Анна посмотрела на запястье. На нем тоже не было шрама.
— Тебе ни к чему видеть мои раны. Если они и есть, то исцелены. Если было страдание, то оно ушло и его нет.
— Но страдание… разве не в нем…
— Смысл? Нет, хотя оказалось, что оно так интересно всем вам!
— Но тогда… в чем? — спросила Анна. Она не могла подобрать слов для мучивших ее вопросов и думала: у нее есть такая возможность спросить, а язык не повинуется.
Он продолжал:
— Конечно, путь в Иерусалим не был триумфальным. Только женщины не убежали, они любили во мне меня самого. Остальные устыдились, почувствовали себя униженными и покинули меня. Да, боль — это оскорбление и урок, но она — тень преходящая. Смерть — вот учитель. Поистине это одно из моих имен.
— Но боль существует, — сказала Анна. — Животные страдают… — Она не знала точно, почему сказала это.
— У меня была счастливая жизнь, до самого конца. Галилейское море — одно из самых красивых мест на свете. Ты бывала там?
— Тебе известно, господин, — ответила Анна, — что я не бывала в Израиле.
Он улыбнулся.
— Не бойся, я знаю, кто ты, и все, что касается твоего спасения, я знаю.

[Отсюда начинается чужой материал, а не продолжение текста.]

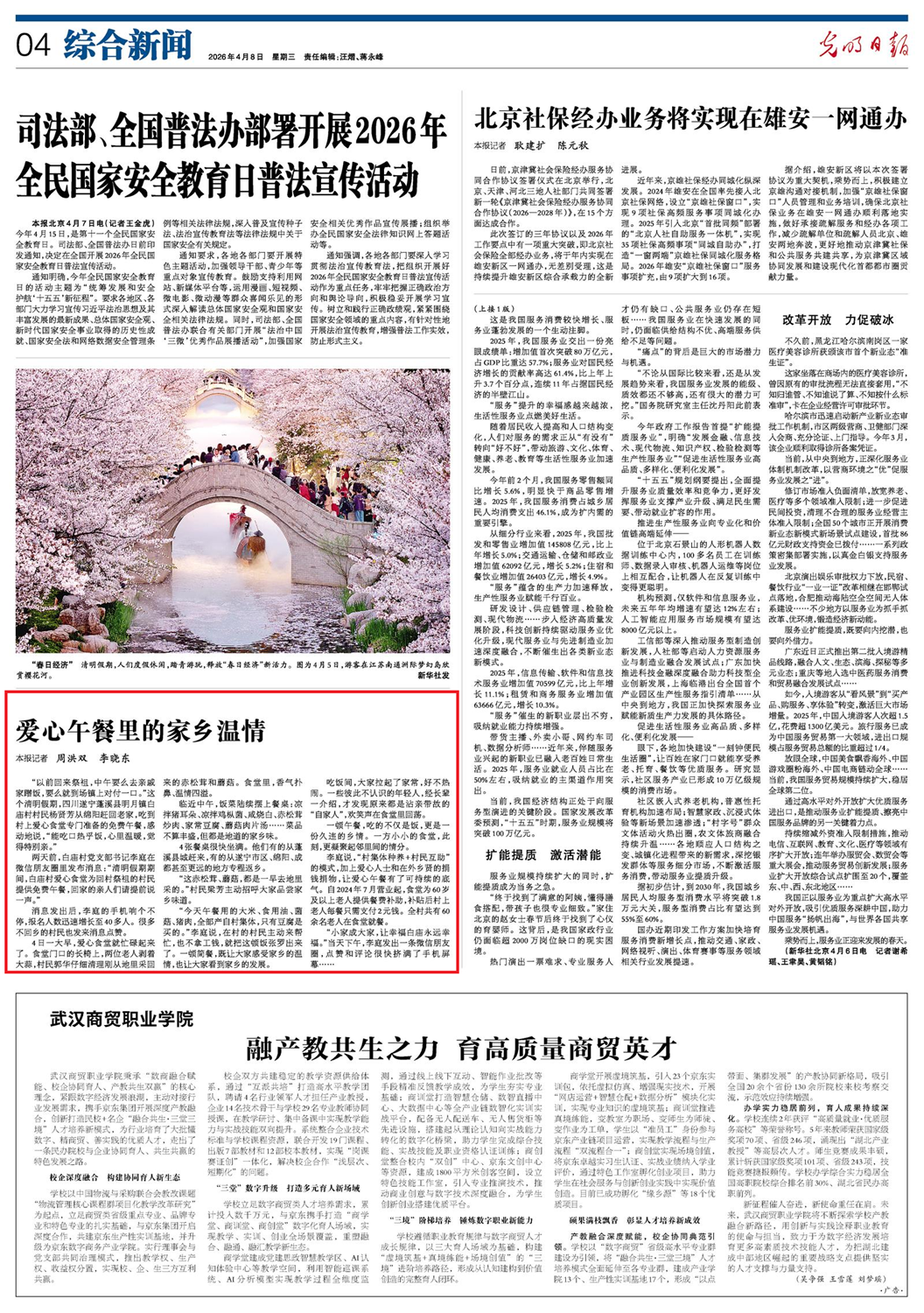 “以前回来祭祖,中午要么去亲戚家蹭饭,要么就到场镇上对付一口。”这个清明假期,四川遂宁蓬溪县明月镇白庙村村民杨贤芳从绵阳赶回老家,吃到村上爱心食堂专门准备的免费午餐,感动地说,“能吃口热乎饭,心里温暖,觉得特别亲。”

Он оторвал руку от стола и откинул назад легкие прямые светлые волосы. Они у него доставали до распахнутого ворота рубахи. Он сложил руки за спиной и в упор смотрел на Анну темными сияющими глазами, выражение губ странное, будто он посмеивался над ней.
— Так спасение существует? — спросила Анна.
— О да, — сказал он, но как-то небрежно.
— Что я должна сделать, чтобы быть спасенной?
Анна, опершись о стол, подалась вперед.
Мгновение он смотрел на нее.
— Ты знаешь, что все в твоих руках.
— Что это значит? — спросила Анна. Спросила почти раздраженно. — Я не могу. — Потом воскликнула: — Как же так, как же так!
Он здесь, он здесь, пронеслось у нее в голове, и вдруг ее потрясло такое сильное чувство любви, что она покачнулась и вынуждена была ухватиться за край стола, чтобы не упасть. Страстное желание охватило ее, почти как желание соблазнить его. Желание прикоснуться к нему. Она сказала:
— Не оставляй меня, как я могу любить без тебя теперь, когда ты явился? Если собираешься покинуть меня, то дай умереть сейчас.
— Ну, полно, полно, Анна, ты умрешь очень скоро, — быстро проговорил он. — Что до спасения, то каким бы оно ни представлялось тебе, все это мнимость, как мои раны. Я не маг и никогда им не был. Ты знаешь, что надо делать ради спасения. Твори доброе, избегай совершать злое.
Анна застонала и на миг закрыла глаза.
— Что у меня в руке?
Анна открыла глаза и увидела, что он поднял к груди правую руку со сжатым кулаком.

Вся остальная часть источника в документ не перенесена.